Nós já vimos isso antes. Em 2015, 2016, também tivemos um grande desconto das cotas em relação ao valor patrimonial, e foi uma excelente oportunidade de compra. Quem comprou ali não se arrependeu. Colheu os frutos quatro, cinco anos depois, quando tivemos a melhora.
Temos juros muito baixos, de 3,75%, que devem continuar por um bom período. O custo de carrego de uma posição como essa é baixo, porque o juro é baixo. Seu custo de oportunidade é baixo. Vamos dizer que você fique 4 meses mal remunerado, recebendo muito pouco. Mas se você tivesse aplicado em CDI você ia ganhar 3% ao ano. Em 4 meses, 1%. Então seu custo de oportunidade é 1% pra segurar uma posição dessas por 4 meses. Pra mim não é uma questão nem de pensar. Toda a liquidez que eu tivesse eu colocaria em FIIs.
Tem questões de operação, mas por uma força maior. Estamos numa calamidade pública… Quantas ondas vamos ter? Seis ondas de 15 dias, portanto 90 dias? Depois que passar a pandemia as pessoas não vão mais no shopping? Não vão mais no cinema, no restaurante? Não. Vai normalizar. Mas em ondas, vai levar um tempo. E daqui 90, 150 dias já vai ter vacina, um remédio.

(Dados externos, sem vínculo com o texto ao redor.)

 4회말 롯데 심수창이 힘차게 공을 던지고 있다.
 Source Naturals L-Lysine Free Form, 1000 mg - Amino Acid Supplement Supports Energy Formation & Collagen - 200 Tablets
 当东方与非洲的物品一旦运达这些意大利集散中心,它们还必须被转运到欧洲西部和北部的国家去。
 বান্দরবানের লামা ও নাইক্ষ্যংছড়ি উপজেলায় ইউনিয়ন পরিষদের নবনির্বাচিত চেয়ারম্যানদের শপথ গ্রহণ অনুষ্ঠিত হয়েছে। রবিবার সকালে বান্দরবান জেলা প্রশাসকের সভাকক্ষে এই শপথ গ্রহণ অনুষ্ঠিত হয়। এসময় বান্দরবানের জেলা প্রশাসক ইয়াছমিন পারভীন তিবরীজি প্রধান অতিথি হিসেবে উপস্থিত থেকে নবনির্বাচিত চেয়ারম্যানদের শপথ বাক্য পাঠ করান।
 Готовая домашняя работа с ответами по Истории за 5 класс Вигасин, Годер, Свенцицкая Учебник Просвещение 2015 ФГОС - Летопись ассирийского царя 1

Agora estamos no pior momento, que é o momento de comprar. Você não tá comprando o operacional. Eu não to comprando ação da Gol, você tá comprando um shopping, que vai ficar fechado. Então sua despesa também vai diminuir. Aí você tem caixa, você vai tocando sua vida. Você acha que o shopping Iguatemi, o mais antigo da cidade, vale 40% menos hoje porque vai ter que ficar alguns meses fechado? Não vale.
Muita gente entrou em pânico…
Sim, dá esse pânico. Muitas vezes também é necessidade, a pessoa precisa daquele recurso, infelizmente atravessamos a migração de renda fixa para a variável de forma muito acentuada. E ontem, em determinado momento, com o iFix batendo 1.900, voltamos a junho de 2017. Numa conta burra, todo mundo que entrou depois disso tá debaixo da água… tem muita gente, pessoa física, que sente pânico, stopa, que não está acostumado. O cara tava lá no CDB do Bradescão, do Itaú, do Banco do Brasil tranquilo, aí começou a mudar, comprou mais um pouco, mais um pouco, aí o negócio caiu 40% na cara dele. É natural um movimento de pânico no primeiro momento.